S-expression comments

Author

Taylor Campbell

Status

This SRFI is currently in ``draft'' status. To see an explanation of each status that a SRFI can hold, see here. It will remain in draft status until 2005/03/04, or as amended. To provide input on this SRFI, please

mail to
<srfi-62@srfi.schemers.org>

. See instructions here to subscribe to the list. You can access previous messages via the archive of the mailing list.

Received: 2005/01/04
Draft: 2005/01/03-2005/03/04
Revised: 2005/02/27

Abstract

This SRFI proposes a simple extension to Scheme's lexical syntax that allows individual S-expressions to be made into comments, ignored by the reader.
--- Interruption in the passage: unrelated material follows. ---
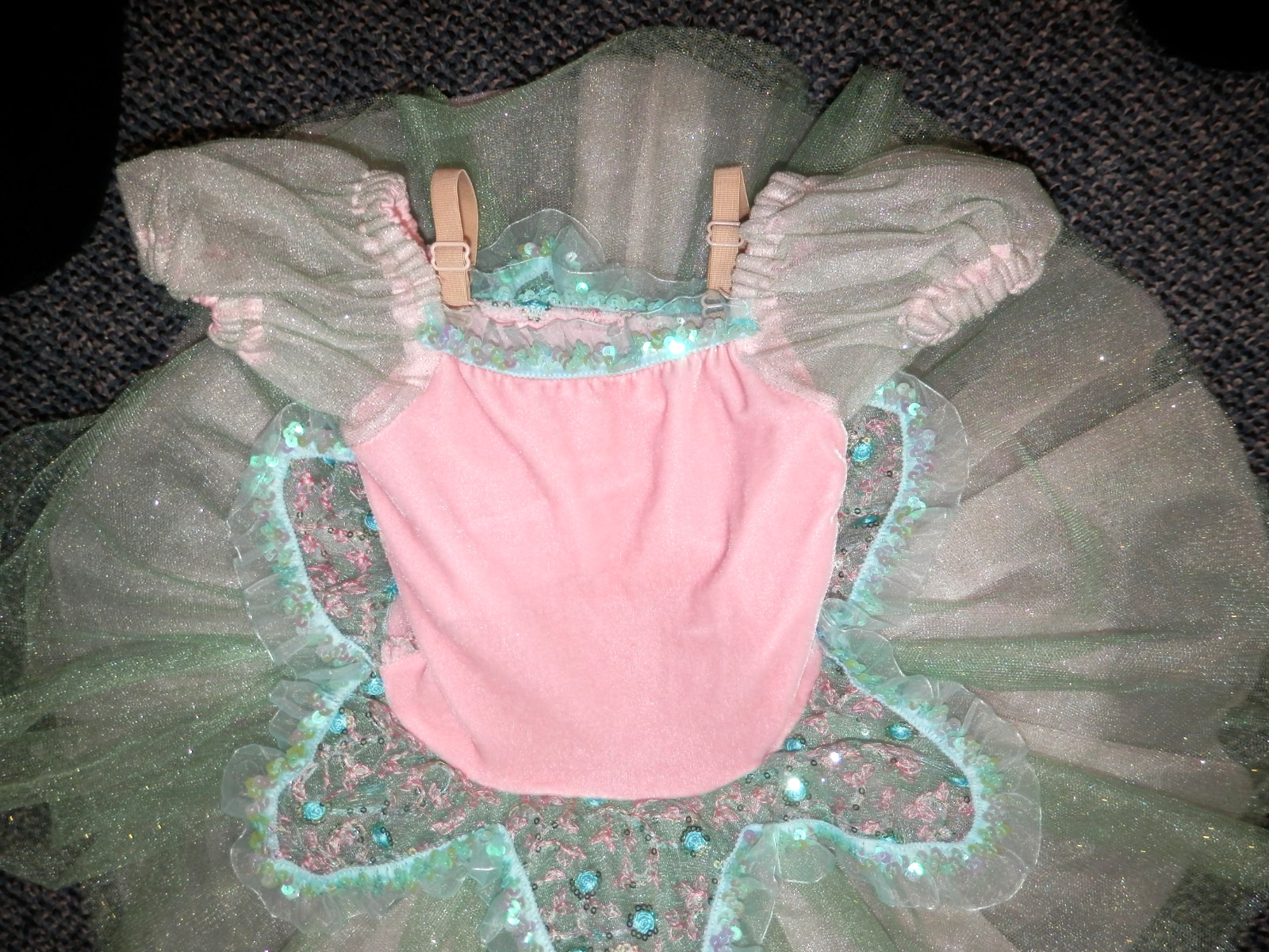 Revolution Dancewear Costume Tutu Girl Sz XSC Tulle Sequins Glitter Pink Teal

This contrasts with the standard Lisp semicolon commnets, which make the reader ignore the remainder of the line, and the slightly less common block comments, as SRFI 30 defines: both of these mechanisms comment out slices of text, not S-expressions.

Rationale

Line and block comments are useful for embedding textual commentary in programs, but they are not conducive to commenting out code easily in an absence of extensive editor support for removing selected text that composes S-expressions while retaining them in the text itself, or subsequently removing the comments and re-introducing the S-expressions themselves.

Informal specification

A new octothorpe reader syntax character is defined, #\;, such that the reader ignores the S-expression following the #; and proceeds on to the S-expression after that. For example,

`(+ 1 #;(* 2 3) 4)`	-reads-> `(+ 1 4)`	-evals-> `5`
`(list 'x #;'y 'z)`	-reads-> `(list (quote x) (quote z))`	-evals-> `(x z)`
`(* 3 4 #;(+ 1 2))`	-reads-> `(* 3 4)`	-evals-> `12`
`(#;sqrt abs -16)`	-reads-> `(abs -16)`	-evals-> `16`

Some examples of nested S-expression comments may appear confusing at first, but they are straightforwardly explained. For instance, consider the text (list 'a #; #;'b 'c 'd). This reads as the list represented by (list (quote x) (quote d)). Note that both 'b and 'c seemed to 'disappear.' The reason is simply that when the first #; causes the reader to read ahead in the input stream for the next S-expression, the reader encounters another #;, which causes the 'b to be consumed, and which then moves the reader on to 'c to return as the first S-expression following the first #;. Since it is the first S-expression following a #;, 'b is ignored as well, leaving only 'd.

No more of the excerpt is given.